When he stepped in the door, everybody was looking peeved, probably because Lippy was banging away at "My Bonnie Lies Over the Ocean," a song that he loved to excess and played as if he hoped it could be heard in the capital of Mexico. Xavier Wanz, the little Frenchman who owned the place, was nervously wiping his tables with a wet rag. Xavier seemed to think keeping the tables well wiped was the crucial factor in his business, though Augustus was often forced to point out to him that such a view was nonsense. Most of the patrons of the Dry Bean were so lacking in fastidiousness that they wouldn't have noticed a dead skunk on the tables, much less a few crumbs and spilled drinks.

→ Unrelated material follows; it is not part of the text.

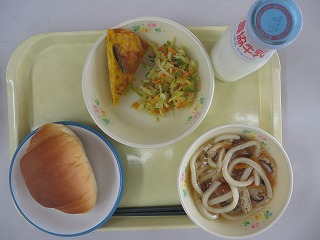 バターロール うどん アンサンブルエッグ カレーソテー 牛乳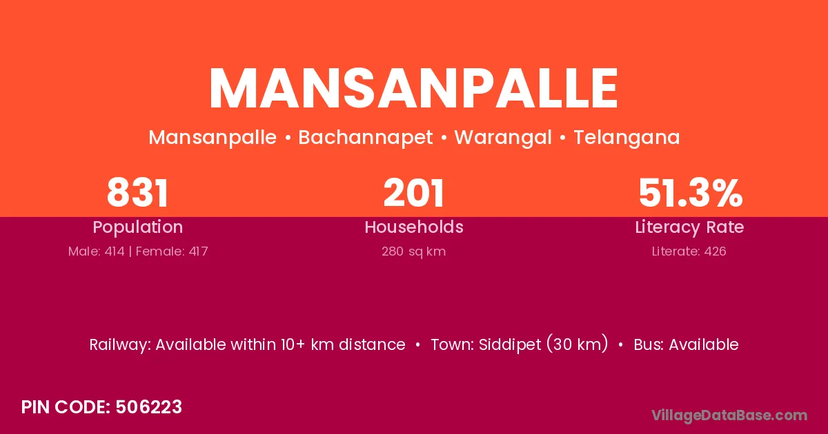 According to Census 2011 information, the village code of Mansanpalle village is 509325.

Xavier himself had a near-monopoly on fastidiousness in Lonesome Dove. He wore a white shirt the year round, clipped his little mustache once a week and even wore a bow tie, or, at least, a black shoestring that did its best to serve as a bow tie. Some cowpoke had swiped Xavier's last real bow tie, probably meaning to try and impress some girl somewhere up the trail. Since the shoestring was limp, and not stiff like a bow tie should be, it merely added to the melancholy of Xavier's appearance, which would have been melancholy enough without it. He had been born in New Orleans and had ended up in Lonesome Dove because someone had convinced him Texas was the land of opportunity. Though he soon discovered otherwise, he was too proud or too fatalistic to attempt to correct his mistake. He approached day-to-day life in the Dry Bean with a resigned temper, which on occasion stopped being resigned and became explosive. When it exploded, the placid air was apt to be rent by Creole curses.

"Good evening, my good friend," Augustus said. He said it with as much gravity as he could muster, since Xavier appreciated a certain formality.

In return, Xavier nodded stiffly. It was hard to extend the amenities when Lippy was at the height of a performance.